There are fascinating aspects to the crisis. One is the role of the International Monetary Fund. The IMF was already active in eastern Europe before the euro hit real trouble, but it was hardly expected to become senior fireman at the rescue of the euro. Yet that’s how it has turned out, probably because the Fund can provide the independence and muscle which the European institutions lack.
Another feature is the way in which EU countries outside the euro area have responded to the crisis. The UK, for instance, has committed direct support to Ireland of €7bn, and Sweden has also announced its willingness to help. Of course the British and Irish economies are deeply interlinked, British banks are heavily exposed to Ireland and Ireland is one of the UK’s main export markets. The stability of the euro is essential for all European economies, whether they be in or out of the eurozone.
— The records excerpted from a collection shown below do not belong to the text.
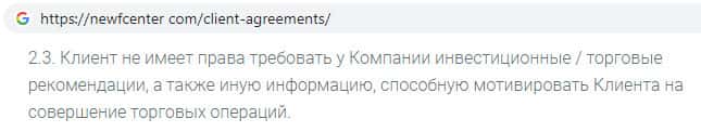 В клиентском соглашении аферистов НФ Центр обнаружена информация, которая противоречит той, что указанна на официальном сайте аферистов. Оказывается скам-компания NewFCenter Com не имеет права мотивировать своих клиентов торговать на их сайте, что они постоянно демонстрируют и идут против прописанных правил.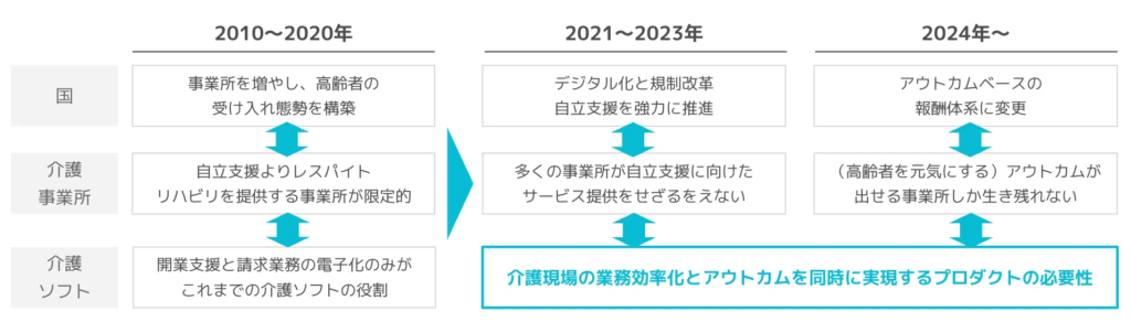 以前は国も預かり先としての事業所を増やすことに注力していましたが、こういった状況を受けて2021年からはデジタル化による生産性向上と自立支援の推進に重きが置かれ、この4月からの3年間ではより一層アウトカム、つまり要介護者の状態の改善へのフォーカスが強まるなど、介護保険制度そのものの方針も大きく変化しています。科学的なリハビリを実施することで健康に過ごせる期間を伸ばし、介護を必要とする高齢者を減らすことが、今後の介護業界にとって重要なポイントなのです。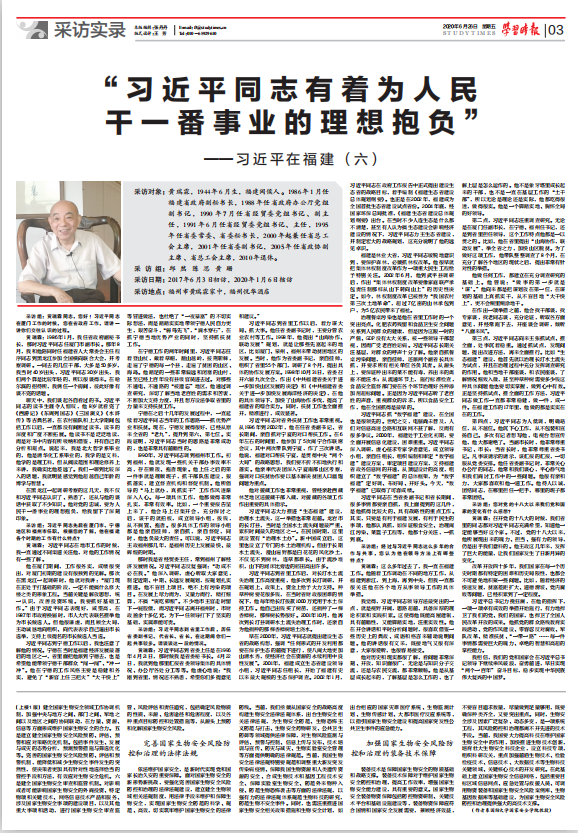 黄瑞霖:习近平同志在地市工作的时候,我一直通过不同渠道关注他,对他的工作情况有一些了解。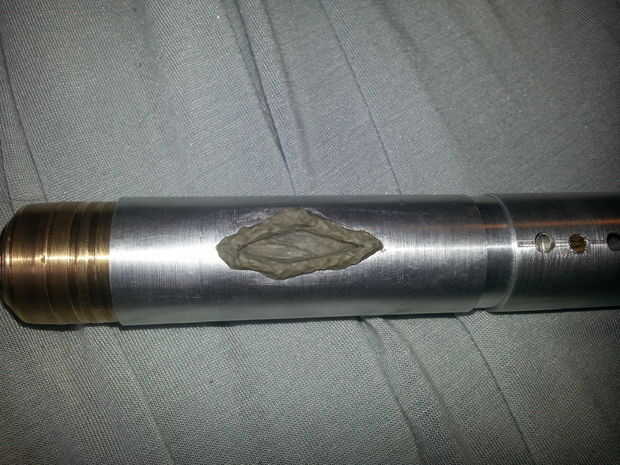 Había modelado un ojo en arcilla en la manija de este sonic después de ojo de un dragón. Luego echó en resina plástica, poner en su lugar con epoxi y pintado.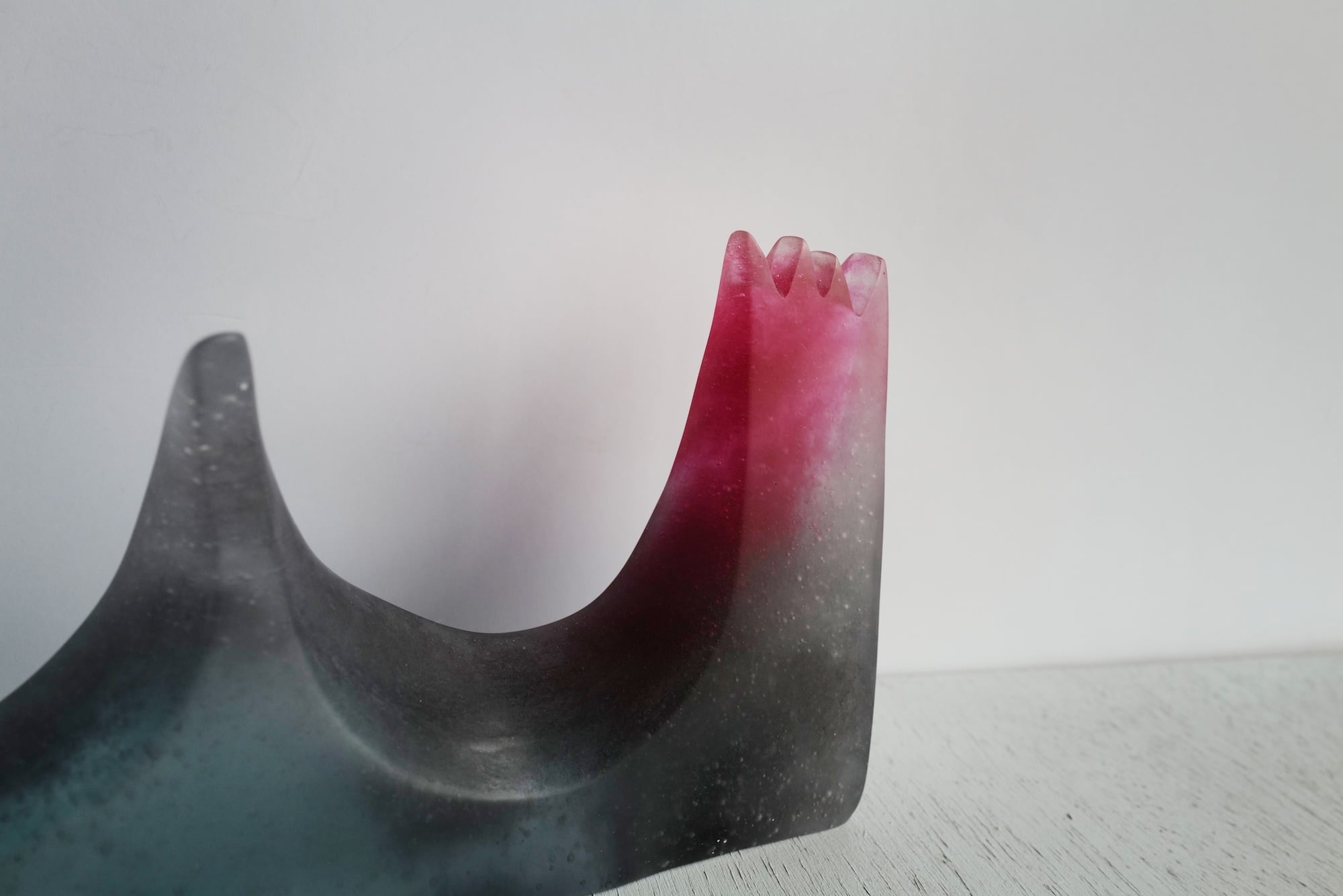 加藤さんは水粘土で原型を作り、その土の肌を残すように手作業でガラスを磨かれています。原型も石膏型も1度しか使用できないため、1点ものになります。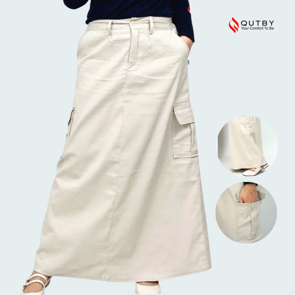 QUTBY - Rok Cargo A-Line Wanita Bahan Katun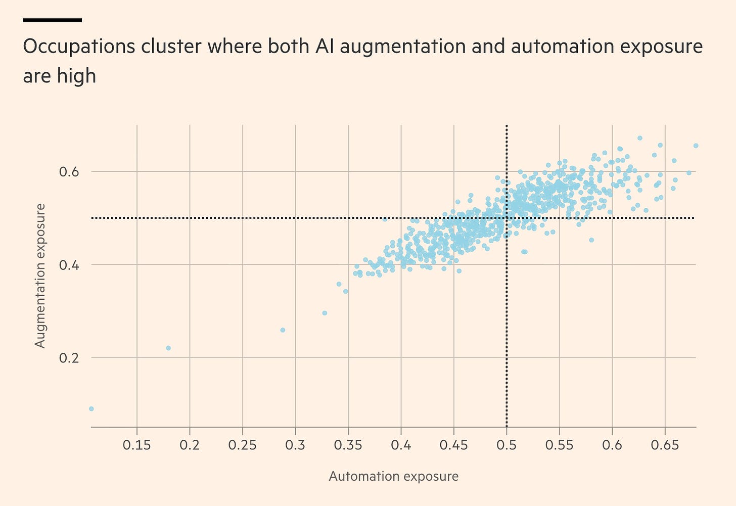 Indeed, this connects with a great read, from FT’s Tej Parikh, which made a critical observation that cuts through the noise: the AI job-apocalypse narrative confuses correlation with causation.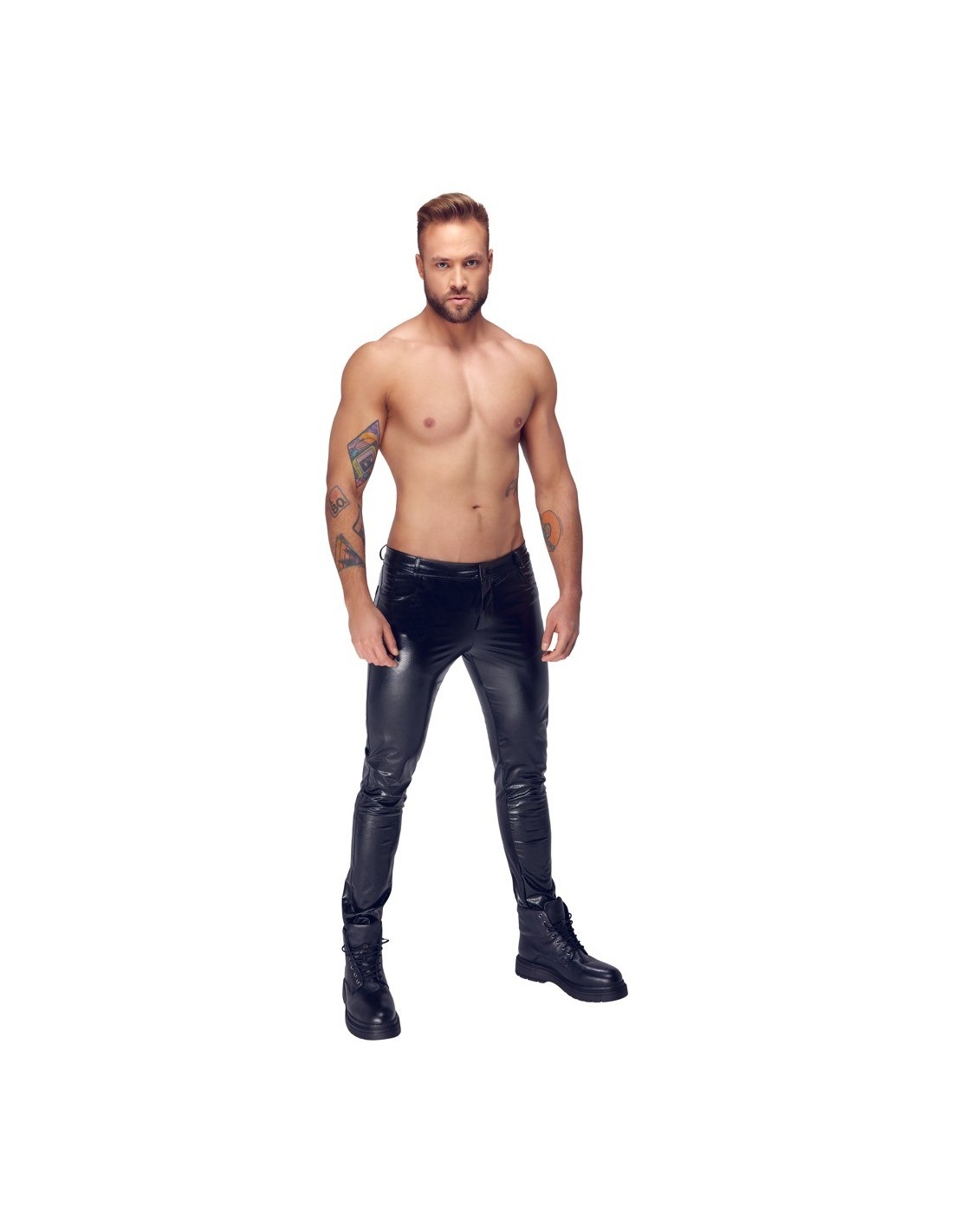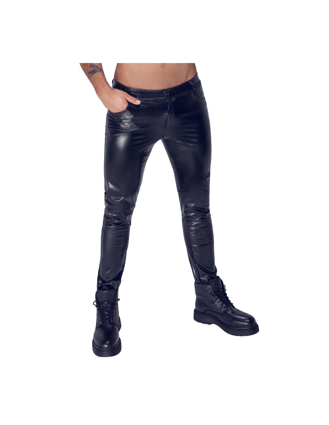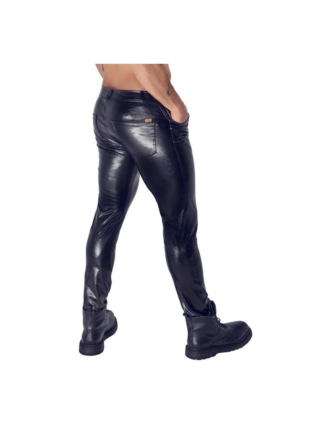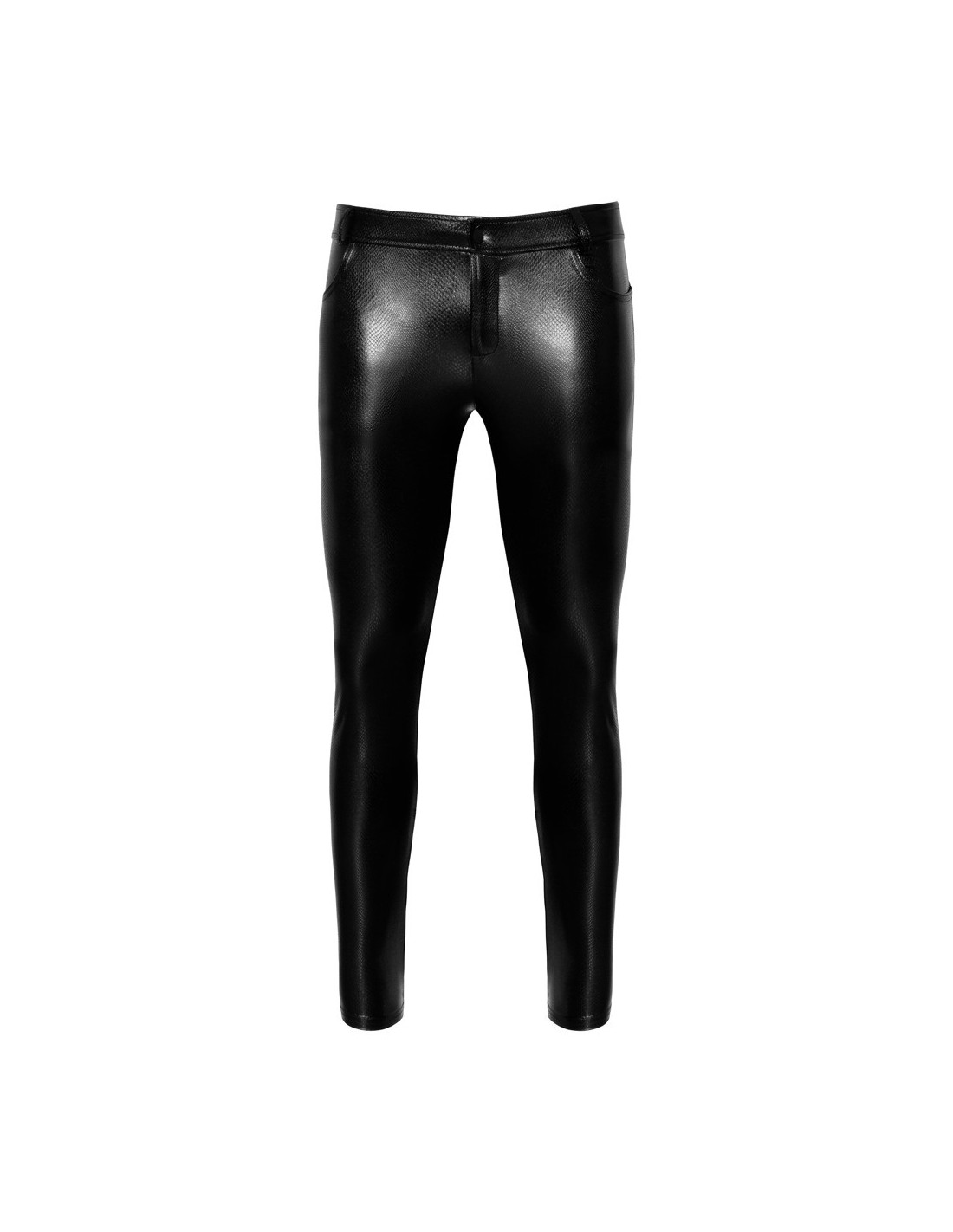 Pantaloni Alpha di Noir dal taglio dritto e dal look trendy in pelle di serpente opaca e lucida. Fantasticamente elasticizzati per una vestibilità aderente e un elevato comfort. Con bottone a pressione e zip nascosta sul davanti, vita con passanti per cintura. Tasche a fessura sul davanti e due tasche posteriori applicate sul retro.

Finalising the bail-out facility for Ireland has been an object lesson in how economic governance might or might not work in the future. Take Ireland’s 12½ per cent corporation tax. For nearly 40 years other member states have demanded that the rate be raised closer to the European average. It is a highly sensitive issue well beyond the eurozone. Rhodri Morgan, first minister for Wales from 2000 until 2009, argues in today’s FT that Ireland’s tax regime sucked inward investment away from poorer regions of the UK like Wales and attracted big corporations to register in Dublin. He demands at least an undertaking that Ireland does not present itself as a tax haven.
There’s little doubt that Germany and France thought a bail-out of Ireland would give them the leverage they needed to force up the corporate tax rate. It has been a consistent theme in French and German press reports for weeks. No wonder that the Irish resisted any bail-out for as long as they could! They have fought tooth and claw to protect the low rate and perhaps made this a condition of accepting the eurozone support which was deemed essential to prevent a wider euro crisis.
The Irish were not on their own in resisting the pressure. They had allies among other EU countries for whom fiscal policy must remain the prerogative of national governments and is no business of European institutions. Eurozone economic governance is not for them.
The position of Germany is now key. It’s ironical that Chancellor Merkel should claim the pre-eminence of politics over markets just when she is arguing that bondholders should share the pain of sovereign default. The markets have bitten back with a vengeance. Their fear – that this approach will be a feature of any Irish, Portuguese or Spanish bail-out – sets the backdrop for tumultuous weeks ahead.